Грибов мне говорит (а он уже «в образе», грассирует, на весь вечер настроился):

— Ну, багышня догогая, поскогей управляйтесь, мы же все опаздываем!..

И смешно, и чувство такое, будто ожившая мумия из мавзолея со мной разговаривает. Администраторша моя на меня шубу надевает, а Ленин — одну руку за жилет, другую вперед — и на сцену, за ним с моноклем в глазу Уэллс, а мы — в машину, и дальше… Примчались в другой зал.

— Скорее, сейчас ваш выход!

А я смотрю — глазам не верю: Ленин стоит на сцене. Мать честная! Может, я с ума сошла? Ведь он остался там, в Колонном зале, — как же он меня обскакал? Или я так уж нахалтурилась, что мне мерещится? Приглядываюсь: вроде худее того, что в Колонном зале был… Оказывается, это пара из другого театра — конкуренты!

Так и мечутся Ленины до поздней ночи по праздничной Москве, подрабатывая лишние копейки. Гримируются каждый в своем театре, надевают кепочку — да поглубже, чтобы народ на улицах или в лифте не пугался. Так ведь со страху и помереть недолго — окажись рядом «вечно живой». Воскрес!

В октябре 1953 года состоялось мое первое выступление в роли Татьяны в «Евгении Онегине», и из стажерской группы меня перевели в труппу солистов Большого театра.

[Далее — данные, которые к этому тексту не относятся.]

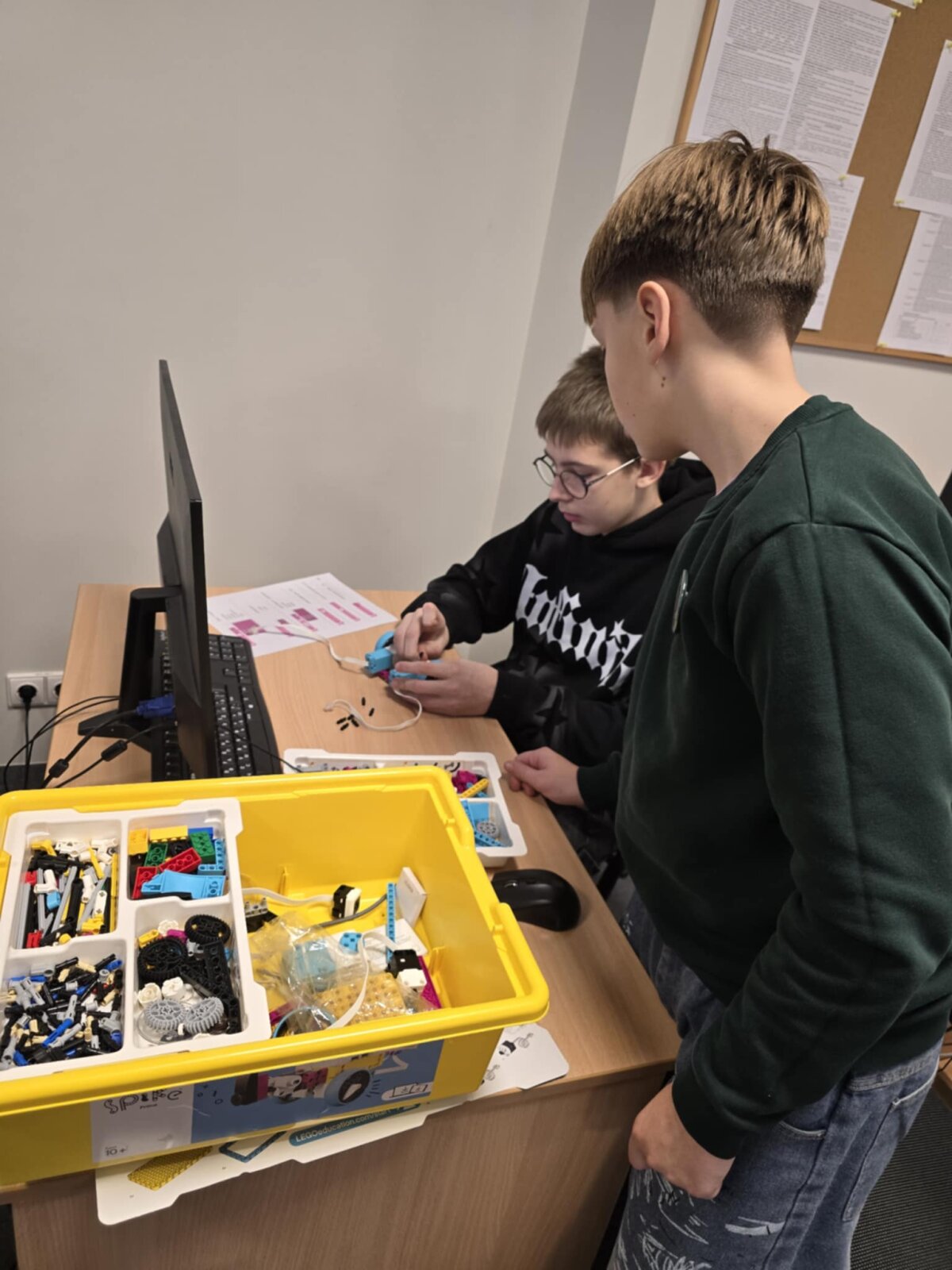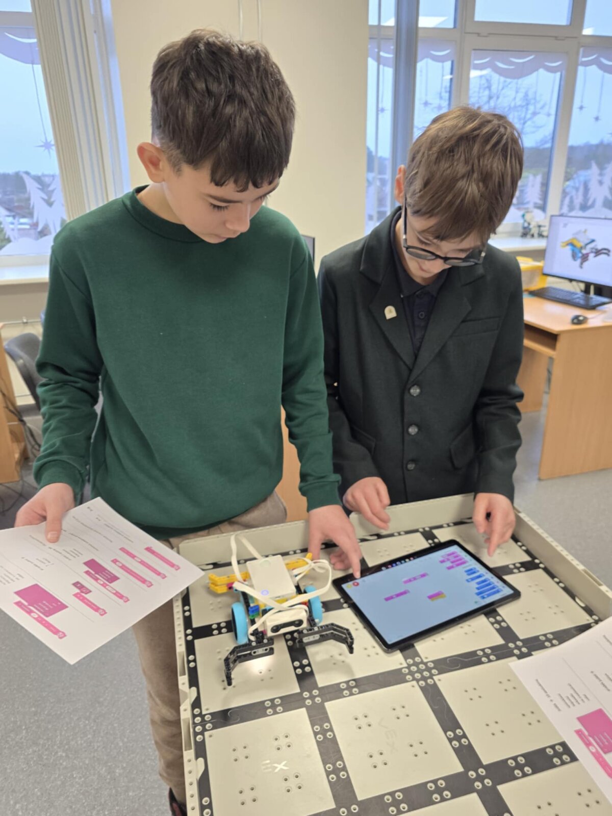 Mokiniai, dirbdami poromis, turėjo puikią galimybę susipažinti su robotikos iššūkiais: konstravimu (naudodami LEGO Spike Prime rinkinį, mokiniai konstravo robotus) ir programavimu (programavo robotus atlikti konkrečius uždavinius, tokius kaip judėjimas skirtingomis kryptimis, tikslo pasiekimas ir kliūčių įveikimas).

Татьяна, милая Татьяна! С нею в детстве я узнала первые счастливые слезы. Она принесла мне первый успех в театре, и через 30 лет с нею вместе я простилась с оперной сценой — серией из восьми спектаклей «Евгения Онегина» в октябре 1982 года в парижской Гранд-Опера.

Как самый верный и преданный друг, прошла она со мной через всю мою творческую жизнь, даря мне радость и вдохновение. Сотни раз я пела эту оперу, и всегда у меня останавливается сердце, когда в последней сцене мне надо спеть: «Я вас люблю…» Ведь именно здесь, в сцене объяснения с Онегиным, проявляется вся цельность и непосредственность ее натуры. Когда, уже будучи светской, замужней женщиной, она с целомудренной простотой признается ему: «Я вас люблю…» Для нее так же естественно всю жизнь любить его, как и то, что жизнь ее кончилась в тот далекий день — в аллее, в саду, когда, слушая его холодные нравоучения, она смогла лишь прошептать: «О Боже, как обидно и как больно!»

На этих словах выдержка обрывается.